**Study material**:
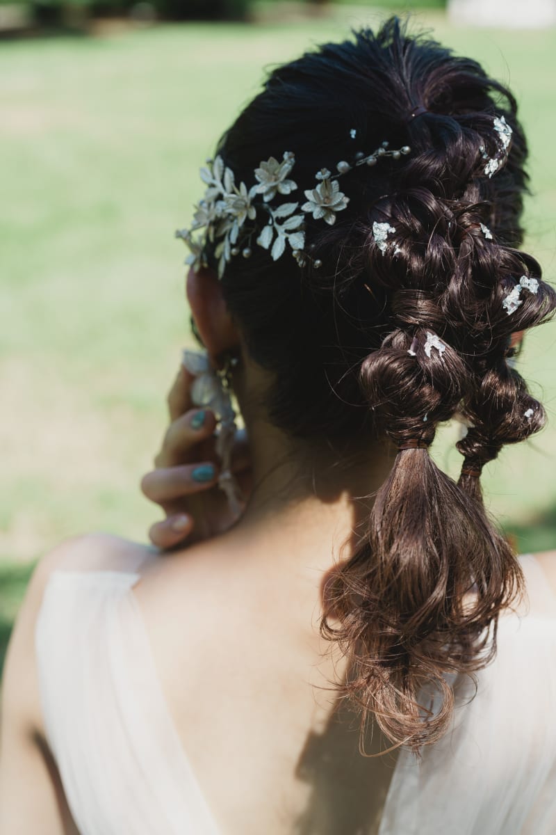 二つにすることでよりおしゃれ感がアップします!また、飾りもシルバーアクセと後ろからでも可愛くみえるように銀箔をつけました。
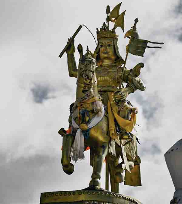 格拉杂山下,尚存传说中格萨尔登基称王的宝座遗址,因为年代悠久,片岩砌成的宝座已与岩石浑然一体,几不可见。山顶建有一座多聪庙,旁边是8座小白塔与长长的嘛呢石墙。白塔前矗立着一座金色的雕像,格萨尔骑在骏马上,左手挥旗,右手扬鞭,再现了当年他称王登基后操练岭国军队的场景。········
---
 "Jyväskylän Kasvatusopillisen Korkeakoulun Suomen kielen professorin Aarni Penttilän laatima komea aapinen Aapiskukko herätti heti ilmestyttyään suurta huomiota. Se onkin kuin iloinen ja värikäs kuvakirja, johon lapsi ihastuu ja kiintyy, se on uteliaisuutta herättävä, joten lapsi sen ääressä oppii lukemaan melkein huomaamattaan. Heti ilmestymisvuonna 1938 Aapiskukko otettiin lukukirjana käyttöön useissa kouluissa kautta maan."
==
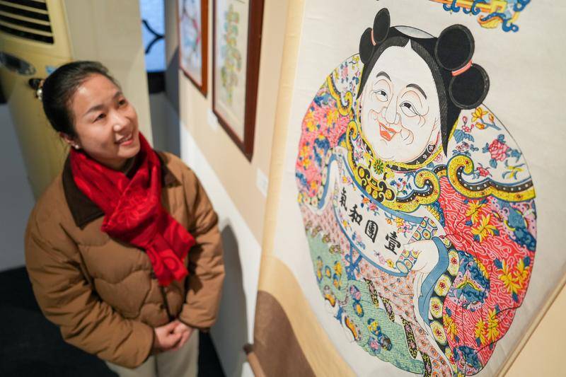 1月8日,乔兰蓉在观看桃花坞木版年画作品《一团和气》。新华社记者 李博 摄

**What the exercise asks**: The reply should hold exactly the lines above, starting at the line with "二つにすることでよりおしゃれ" and ending at the line with "格拉杂山下,尚存传说中格萨尔", and no pictures.

**Response for this exercise**:
 二つにすることでよりおしゃれ感がアップします!また、飾りもシルバーアクセと後ろからでも可愛くみえるように銀箔をつけました。
 格拉杂山下,尚存传说中格萨尔登基称王的宝座遗址,因为年代悠久,片岩砌成的宝座已与岩石浑然一体,几不可见。山顶建有一座多聪庙,旁边是8座小白塔与长长的嘛呢石墙。白塔前矗立着一座金色的雕像,格萨尔骑在骏马上,左手挥旗,右手扬鞭,再现了当年他称王登基后操练岭国军队的场景。········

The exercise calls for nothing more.